Only one span of the material below is wanted. Output it exactly, from the line with "Apartment can accommodate" through the line with "paid, refundable trial.", without any pictures.

───── Stored data

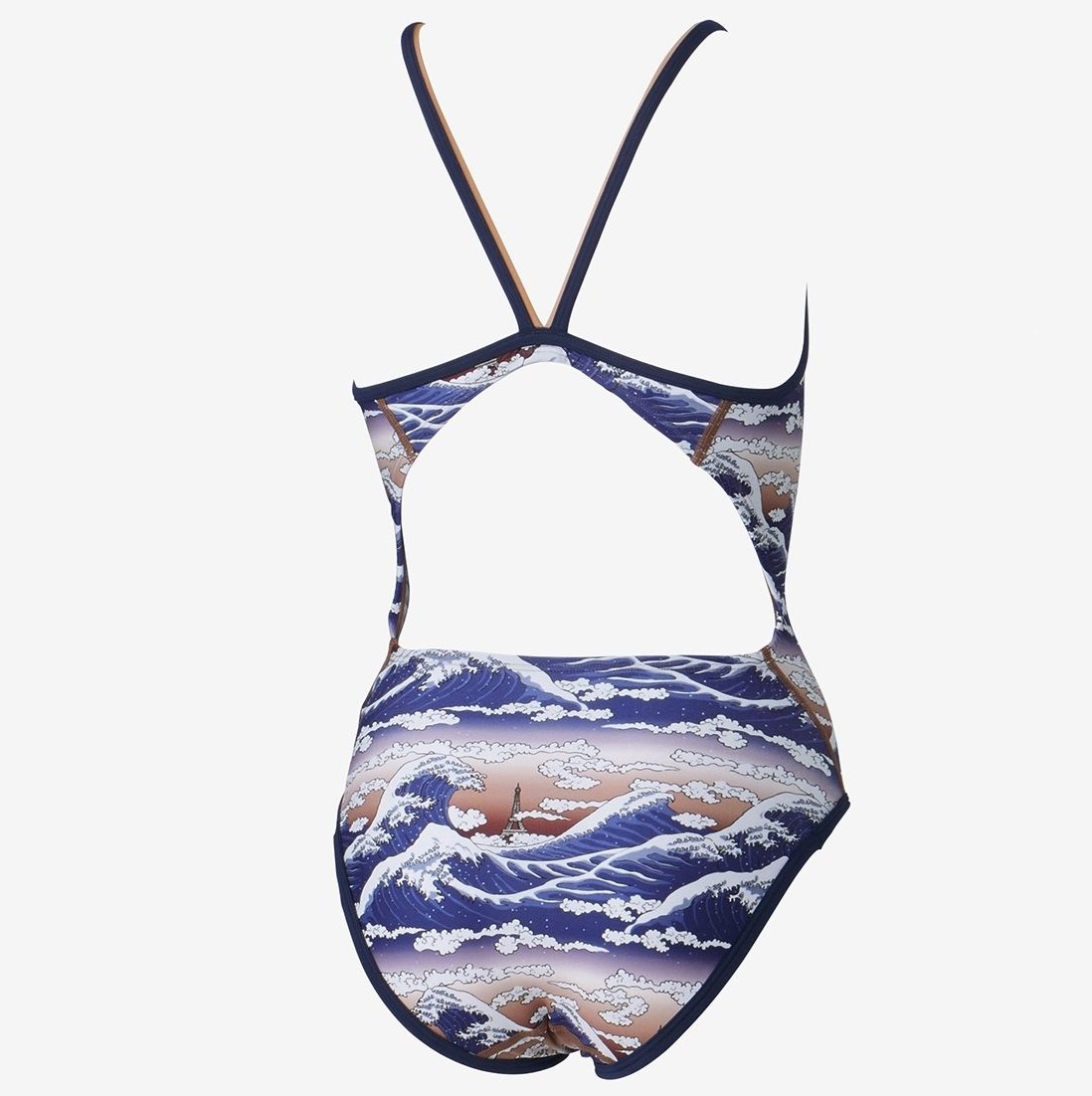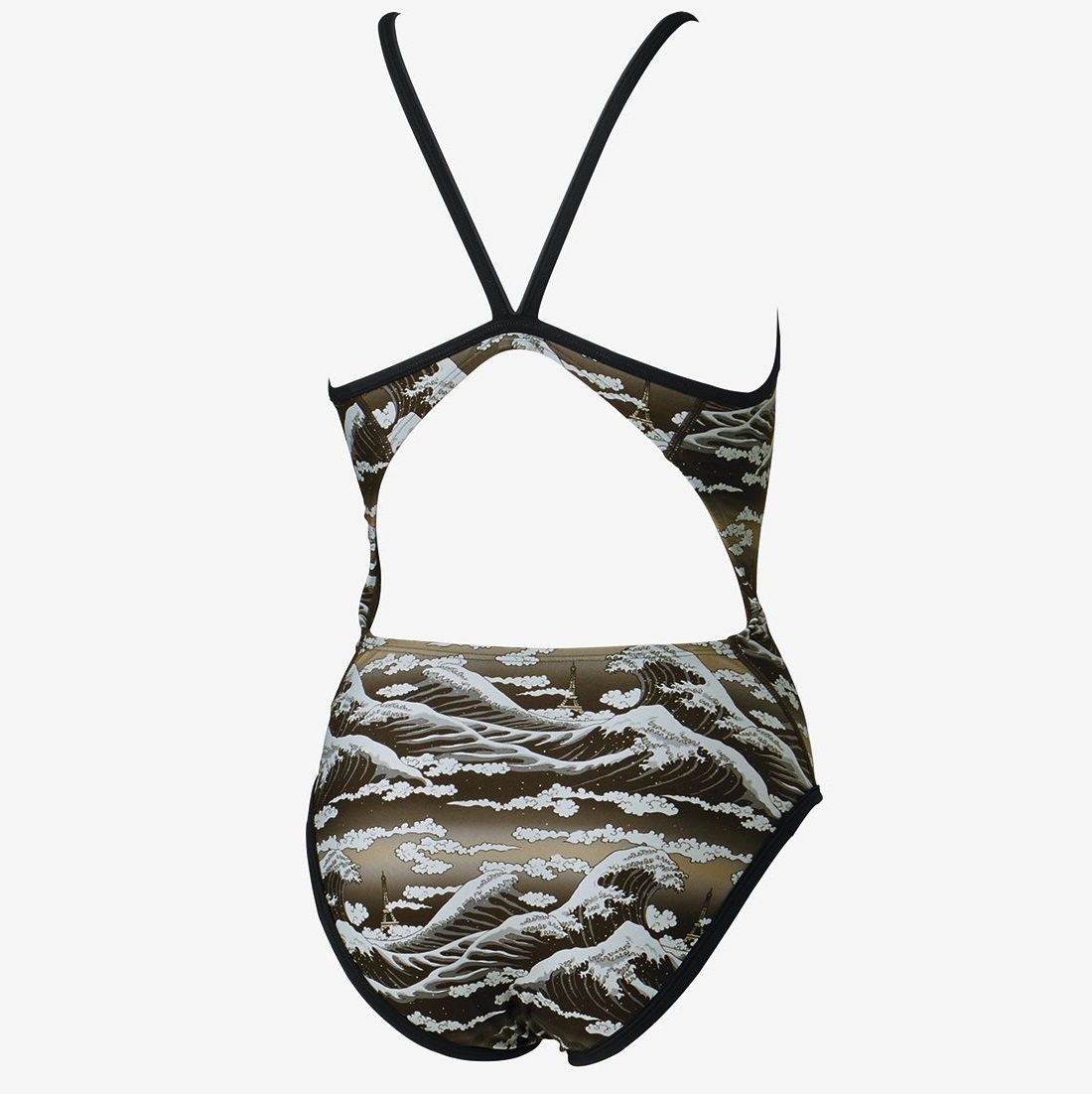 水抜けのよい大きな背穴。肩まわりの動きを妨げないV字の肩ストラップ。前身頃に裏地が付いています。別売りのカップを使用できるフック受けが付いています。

──────────
───── Stored data

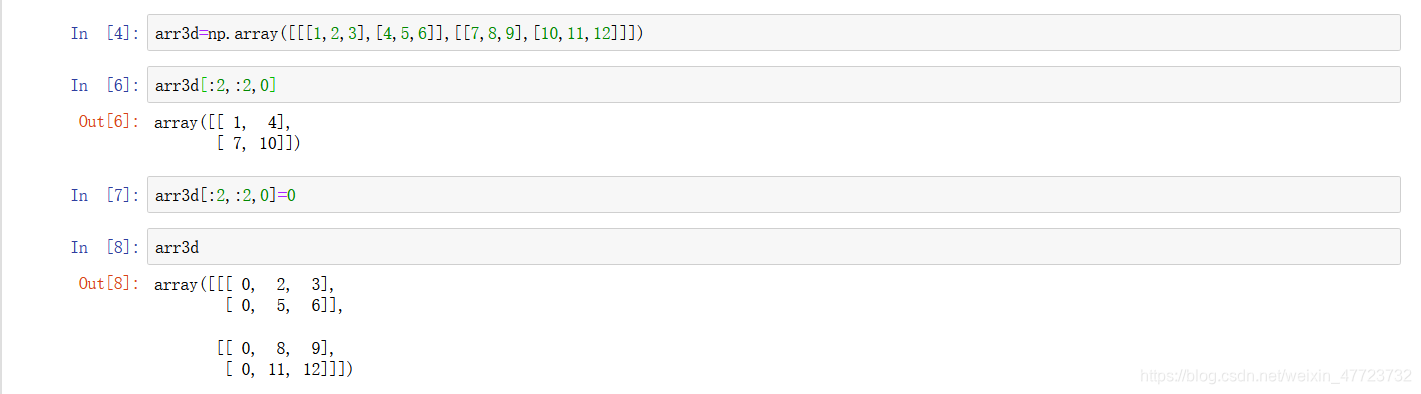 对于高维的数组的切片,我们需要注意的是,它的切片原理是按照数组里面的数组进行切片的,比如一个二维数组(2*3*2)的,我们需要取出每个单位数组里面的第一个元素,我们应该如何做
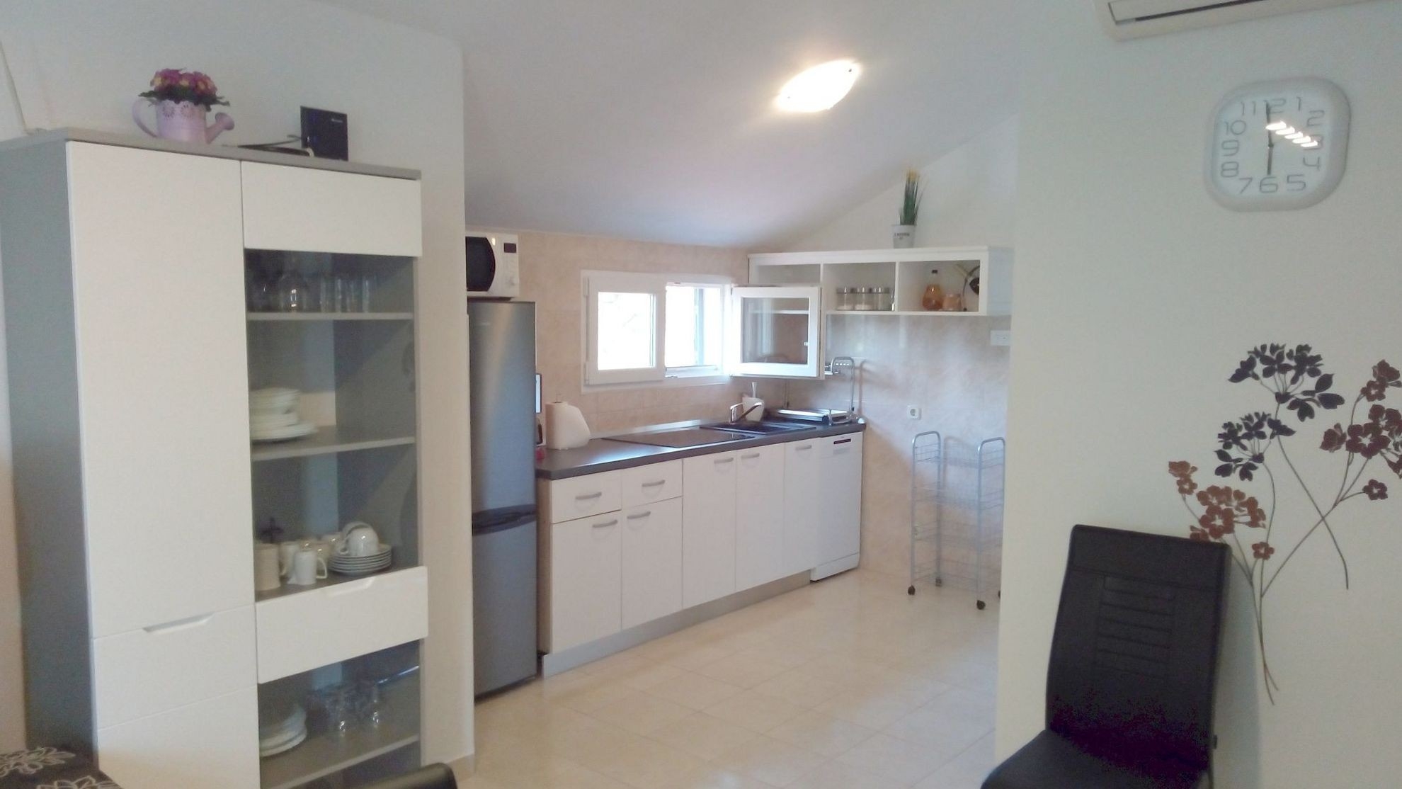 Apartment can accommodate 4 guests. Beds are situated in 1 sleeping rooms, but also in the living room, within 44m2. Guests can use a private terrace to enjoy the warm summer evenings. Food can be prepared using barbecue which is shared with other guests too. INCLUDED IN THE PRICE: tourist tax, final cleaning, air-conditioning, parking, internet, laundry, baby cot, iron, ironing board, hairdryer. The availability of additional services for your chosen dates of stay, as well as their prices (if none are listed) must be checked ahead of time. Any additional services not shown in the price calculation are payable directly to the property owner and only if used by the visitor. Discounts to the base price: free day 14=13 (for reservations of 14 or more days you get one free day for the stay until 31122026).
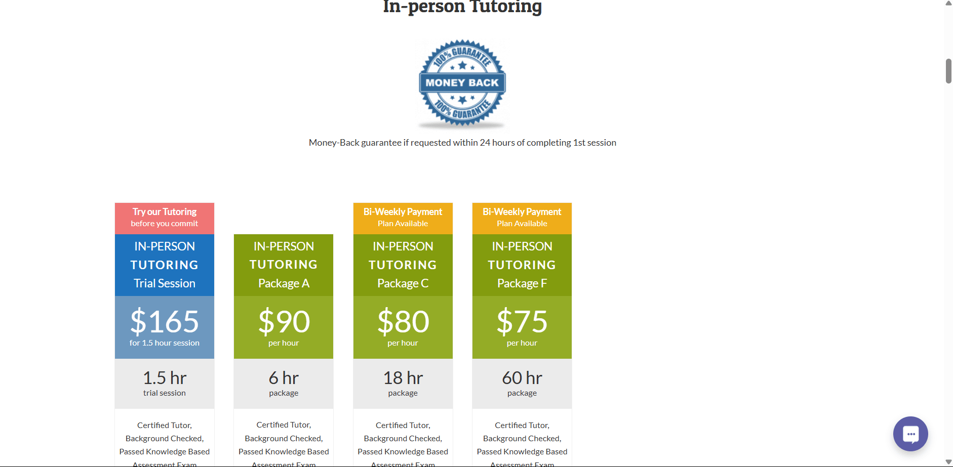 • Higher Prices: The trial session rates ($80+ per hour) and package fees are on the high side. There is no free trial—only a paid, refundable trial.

──────────

• _Your response_
 Apartment can accommodate 4 guests. Beds are situated in 1 sleeping rooms, but also in the living room, within 44m2. Guests can use a private terrace to enjoy the warm summer evenings. Food can be prepared using barbecue which is shared with other guests too. INCLUDED IN THE PRICE: tourist tax, final cleaning, air-conditioning, parking, internet, laundry, baby cot, iron, ironing board, hairdryer. The availability of additional services for your chosen dates of stay, as well as their prices (if none are listed) must be checked ahead of time. Any additional services not shown in the price calculation are payable directly to the property owner and only if used by the visitor. Discounts to the base price: free day 14=13 (for reservations of 14 or more days you get one free day for the stay until 31122026).
 • Higher Prices: The trial session rates ($80+ per hour) and package fees are on the high side. There is no free trial—only a paid, refundable trial.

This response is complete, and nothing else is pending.